• _What is needed_
In the records that follow, find the line containing "Contemporary dining table" and the line containing "K380班谢思琦同学(右)与与班主任邹伟光老师(左)", then transcribe both and every line between them exactly, omitting pictures.

(Beginning of Dataset entries)

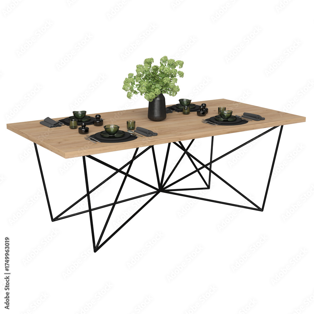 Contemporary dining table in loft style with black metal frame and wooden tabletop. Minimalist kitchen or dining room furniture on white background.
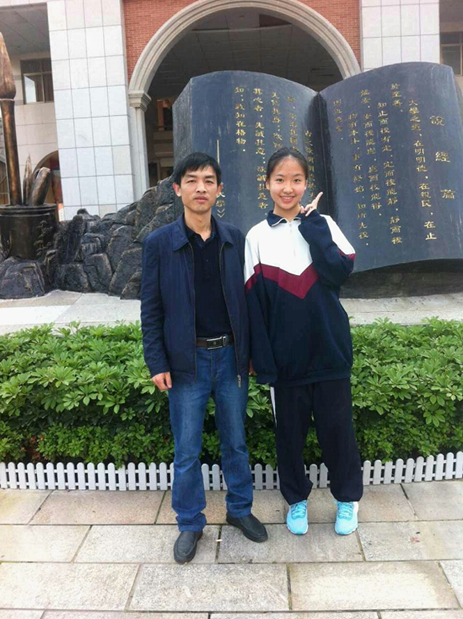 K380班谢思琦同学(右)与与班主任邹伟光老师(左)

(End of Dataset entries)
(Beginning of Dataset entries)

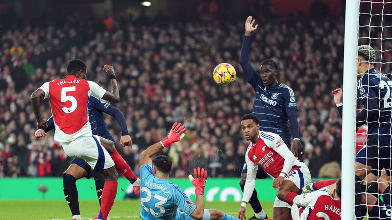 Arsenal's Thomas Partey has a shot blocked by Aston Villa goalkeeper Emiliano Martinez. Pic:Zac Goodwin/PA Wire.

(End of Dataset entries)

• _Response_
 Contemporary dining table in loft style with black metal frame and wooden tabletop. Minimalist kitchen or dining room furniture on white background.
 K380班谢思琦同学(右)与与班主任邹伟光老师(左)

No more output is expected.